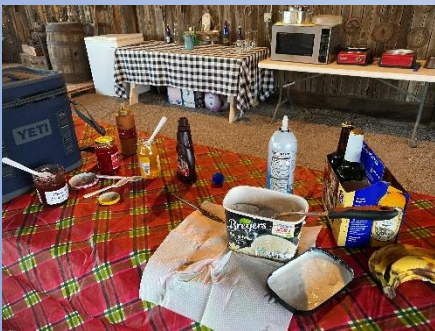
Banana split fixings
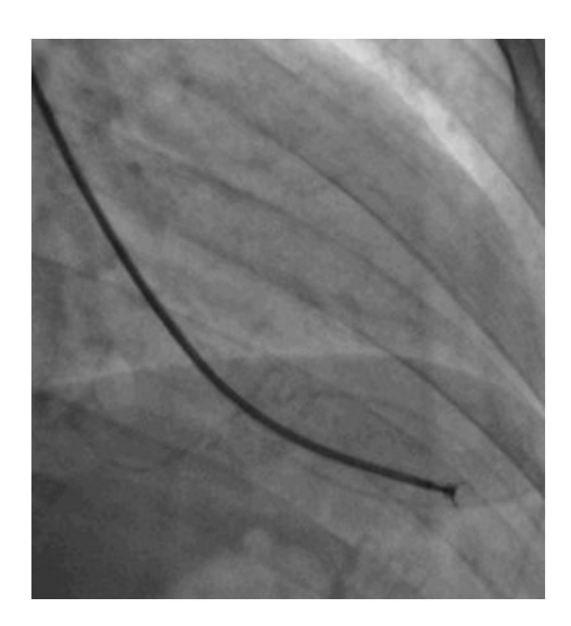
Figure 2 Bioptome deployment with open forceps, immediately before sampling.

was obtained – a minimum of five – of which at least one was frozen for further analysis, if necessary.
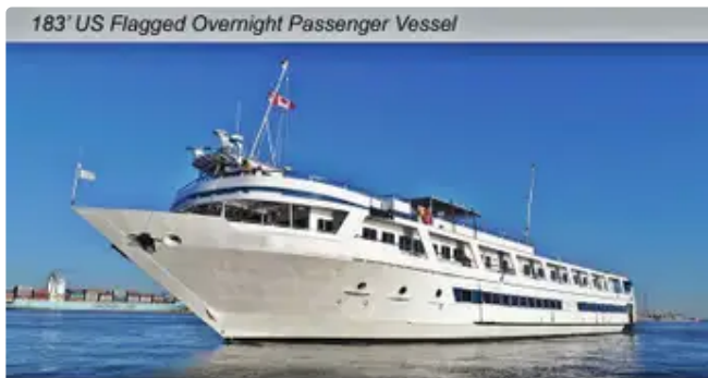
183' US Flagged Overnight Passenger Vessel
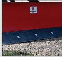
Two Hardened Steel Reversible Cutting Edges
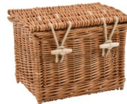
with Buff Willow Casket Handmade In Somerset £235
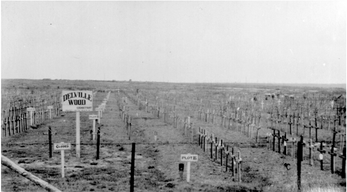
Delville Wood Cemetery

1917. Here, the front line moved little during the battle, and today a series of small cemeteries lie along it, near Serre and along Redan Ridge, where once lay British and German trenches. The dates 1 July and 13 November appear frequently among the headstones. Many bear no names, the remains they mark having lain in no-man's land for months. The great 'concentration' cemeteries were built around existing cemeteries, others on entirely new sites. Many lie in the most fought-over areas of the battlefield and mark significant moments in the battle. The largest is called Serre Road Cemetery No. 2. Begun in the spring of 1917 but not completed until 1934, it is the final resting place of more than 7,000 soldiers, of whom some 5,000 remain unidentified.
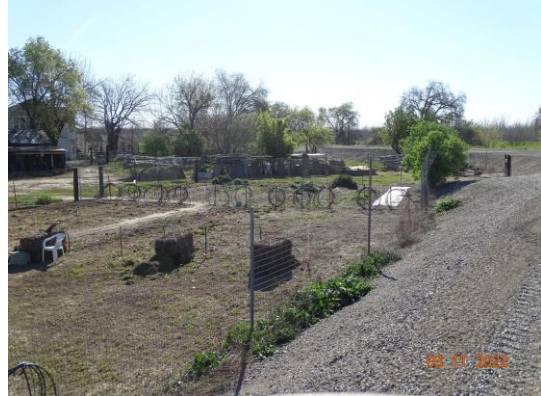
Chain fence at the landside levee toe. Spring 2022.
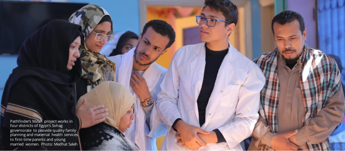
Pathfinder's Maan project works in four districts of Egypt's Sohag governorate to provide quality family planning and maternal health services to first-time parents and young married women.
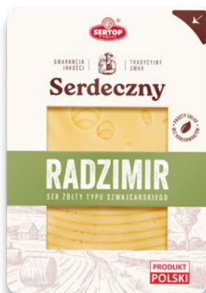
SER ŻÓŁTY RADZIMIR YELLOW CHEESE RADZIMIR
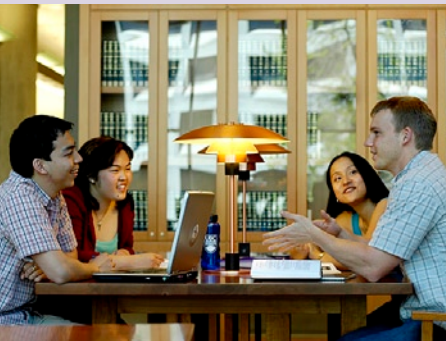
The Irving K. Barber Learning Centre supports lifelong learning for the students of today and tomorrow.

The Irving K. Barber Learning Centre's vision integrates learning, outreach and research support, innovative programs and flexible spaces. During this reporting period, construction continued on the second and final phase of the Learning Centre, which is scheduled to open in January 2008.
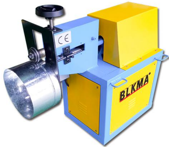
Round Duct Grooving Machine
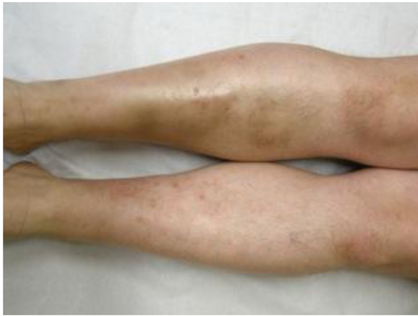
Figure 12 Male 30 years old, crushing accidental trauma on right leg. After 18 REAC-TO treatment in three weeks.
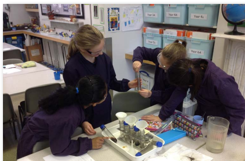
Year 4 filtering
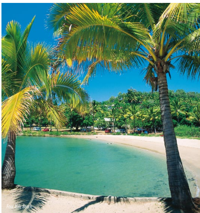
Four Mile Beach
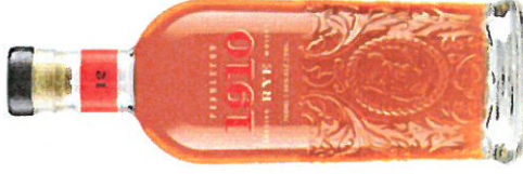
1910 (80 Proof) Launched 2011 Packed 6in
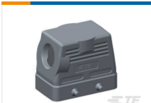
TE Part #T1210100116-000 H10B-TS-PG16
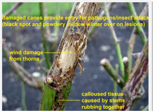
Damaged canes provide entry for pathogens and insect attack (black spot and powdery mildew winter over on lesions).
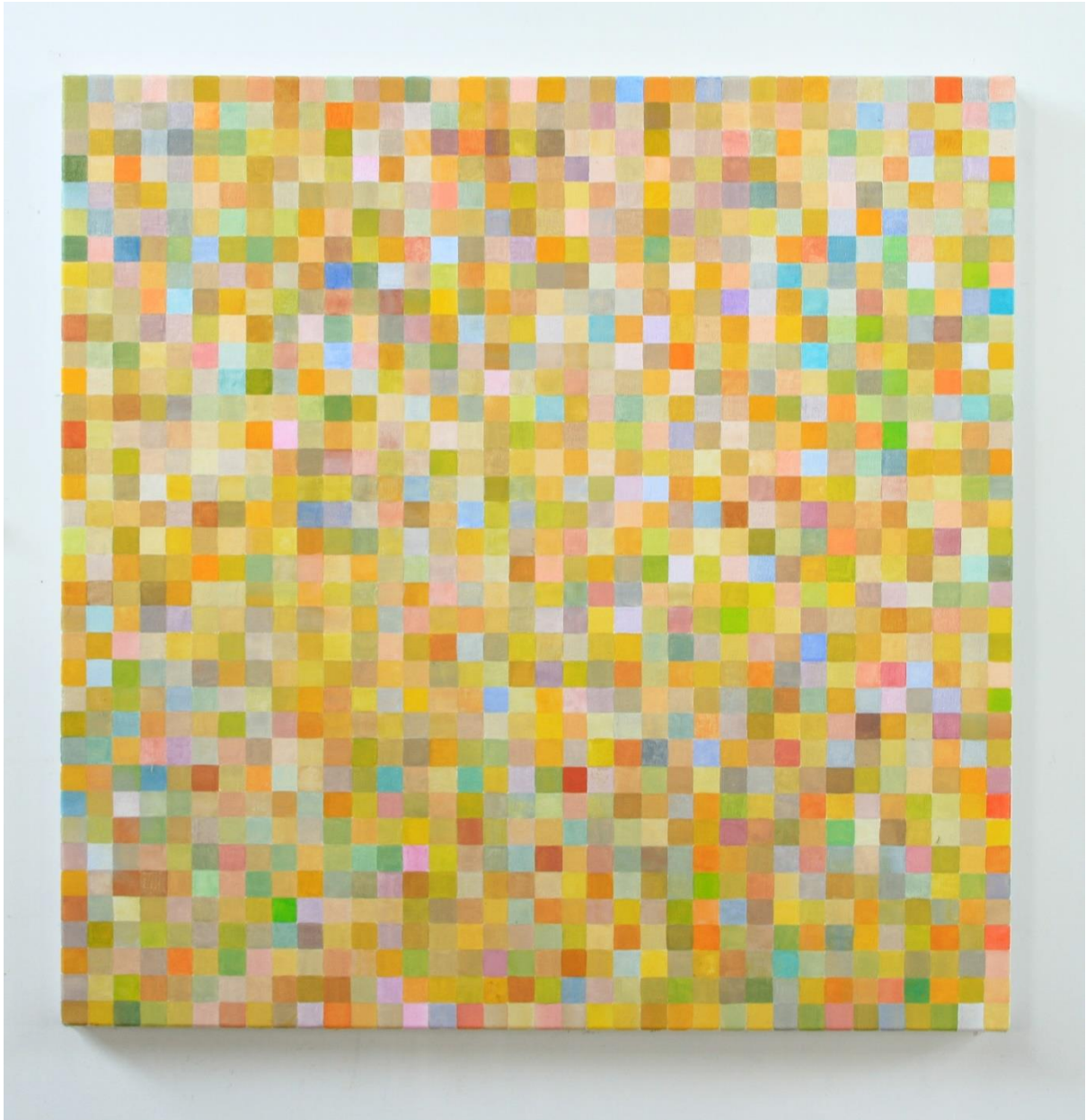
Eric Hongisto, 1x1x36 Acrylic on Canvas, each 36" x 36", 2017
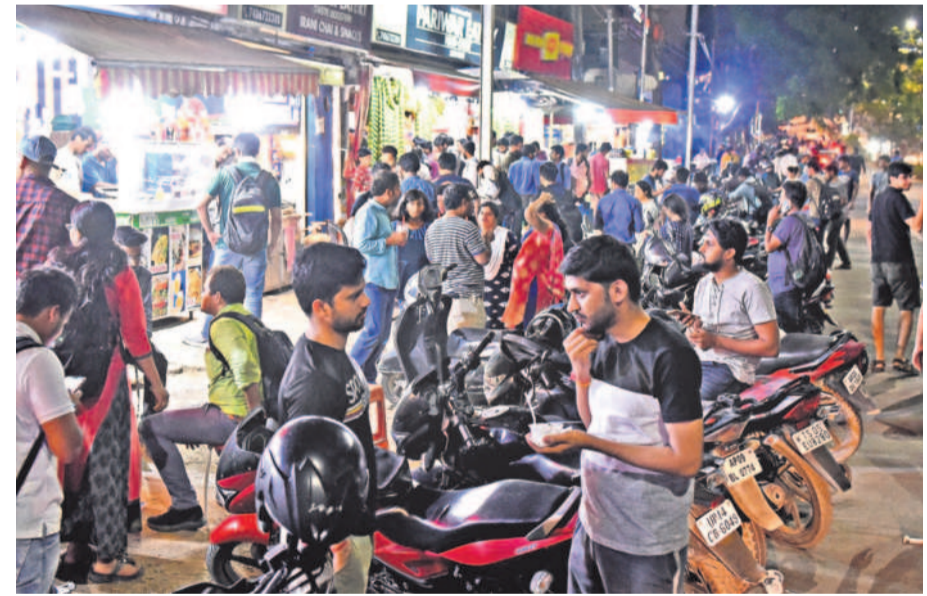
The Hyderabad Police has directed commercial establishments to close down business between 10.30 pm and 11 pm every day.
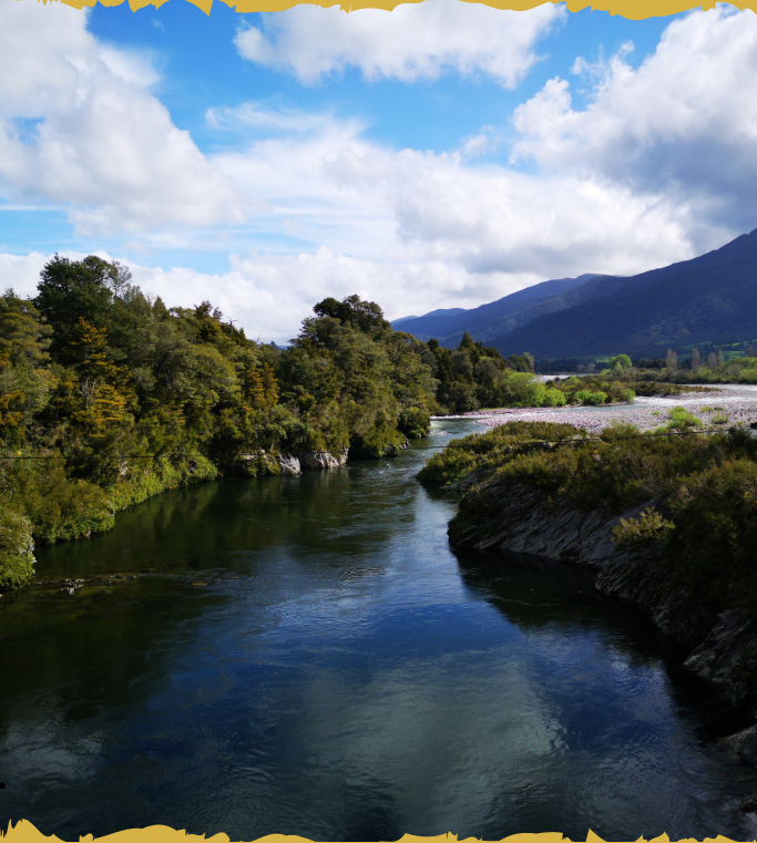
Brought to you by Nelson Marlborough Fish & Game

A guide to fishing in Golden Bay: including the Aorere and Takaka catchments
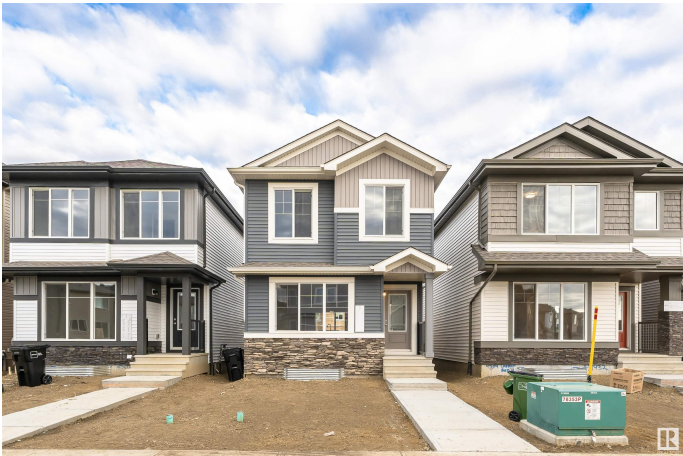
9566 Carson Bnd SW, Edmonton, AB

Main Floor Exterior Area 65.12 m 2 Interior Area 59.37 m 2
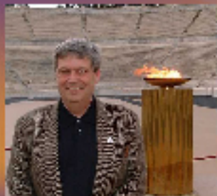
Photo: Ted Heath with Olympic flame in 1992

On the scene reports on Evaluation Commission visits ... the Around the Rings Olympic Bid Power Index – the most authoritative ranking of the cities outside the IOC ... and much more – delivered to your inbox!
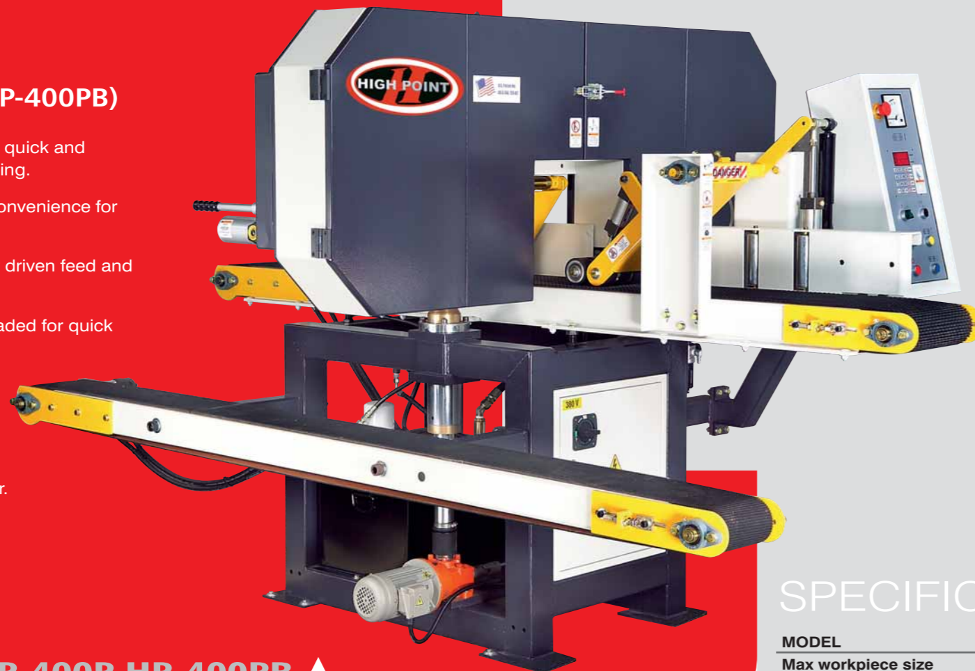
HP-400P, HP-400PB ▲
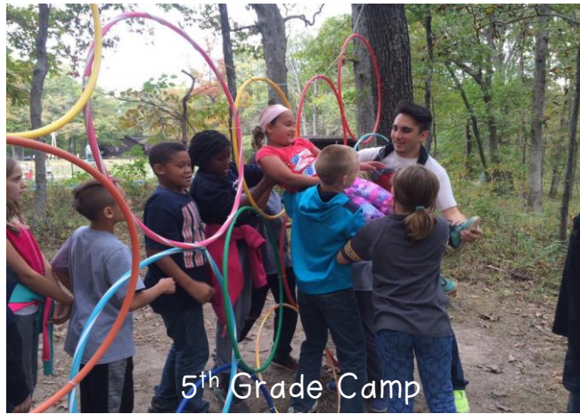
5 th Grade Camp
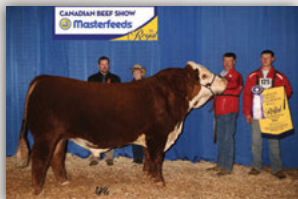
MHPH 521X Action 106A
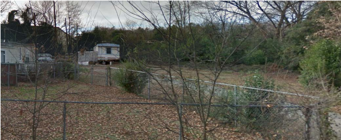
The subject property is developed with a manufactured home.
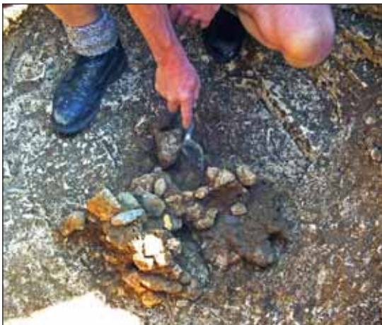
'Cairn' at base of Shaft 1005.

The second quarry [2006] appears to represent a continuation of [1033] and had two phases of exploitation separated by a lense of compacted chalk backfill [2005]. The latter sealed a placed deposit comprising a complete cattle skull (minus horncores) which had been propped up on a platform of fist-sized flint nodules. A further possible quarry [2026] was identified in the NW corner of the trench.
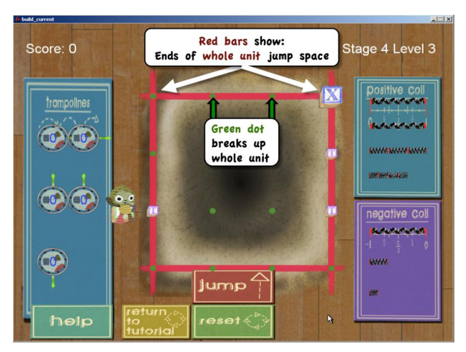
Figure 1 . The intersection of the vertical bars depicted the boundaries of the whole unit. The green dots broke up the whole unit into intervals.

Once the students figured out the unit size of the spaces on the grid, they had to add together the correct number of coils that will span the distance to jump over. For example, in Figure 2, to get safely from one block to the next, Patch needs to jump over three one-third-unit intervals. This means that to successfully make it to the next block, the trampoline must contain three one-third-unit-sized coils. If the trampolines did not contain the correct number or size of coils necessary to get Patch to the next block, Patch exploded into feathers and the students were allowed to replay the level. To reinforce the idea that only fractions with like denominators can be added together, the student could not combine coils that have different unit sizes. If a student had a trampoline with a one-third coil on it and tried to add a one-sixth coil, the one-sixth coil would not go onto the trampoline.
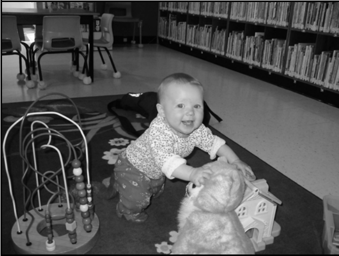
A baby lapsit participant enjoys playing with "Abbycat" in the Children's Loft at Confederation Centre Public Library.

Toddler Story Time. This is a 20 minute program of stories, games, rhymes for two year olds followed by a simple craft. Children should be present for both the reading and activity part of the program. Pre-registration is required.
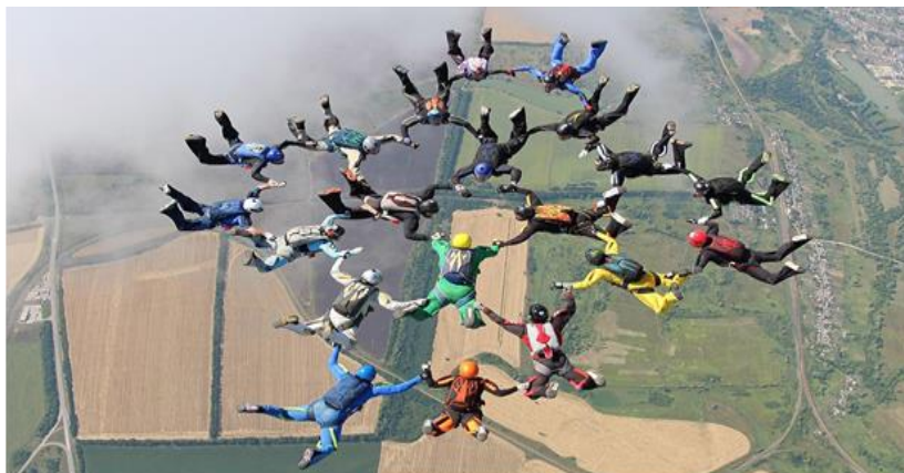
Fig. 3 – Falling Sky Divers

acceleration. When the forces are balanced, the sky divers fall at a constant speed. Meteorites, spacecraft, and other objects reach a constant speed as they fall to earth. The constant speed a falling object reaches when air resistance balances gravity is called terminal speed [3].

=======

- **How to complete this task**
Please repeat, exactly as written, the lines in the records above, starting with the one that has "Pathfinder's Maan project" and going on through the one that has "Eric Hongisto, 1x1x36". Pictures are to be left out.

- **Answer to this exercise**
Pathfinder's Maan project works in four districts of Egypt's Sohag governorate to provide quality family planning and maternal health services to first-time parents and young married women.
SER ŻÓŁTY RADZIMIR YELLOW CHEESE RADZIMIR
The Irving K. Barber Learning Centre supports lifelong learning for the students of today and tomorrow.

The Irving K. Barber Learning Centre's vision integrates learning, outreach and research support, innovative programs and flexible spaces. During this reporting period, construction continued on the second and final phase of the Learning Centre, which is scheduled to open in January 2008.
Round Duct Grooving Machine
Figure 12 Male 30 years old, crushing accidental trauma on right leg. After 18 REAC-TO treatment in three weeks.
Year 4 filtering
Four Mile Beach
1910 (80 Proof) Launched 2011 Packed 6in
TE Part #T1210100116-000 H10B-TS-PG16
Damaged canes provide entry for pathogens and insect attack (black spot and powdery mildew winter over on lesions).
Eric Hongisto, 1x1x36 Acrylic on Canvas, each 36" x 36", 2017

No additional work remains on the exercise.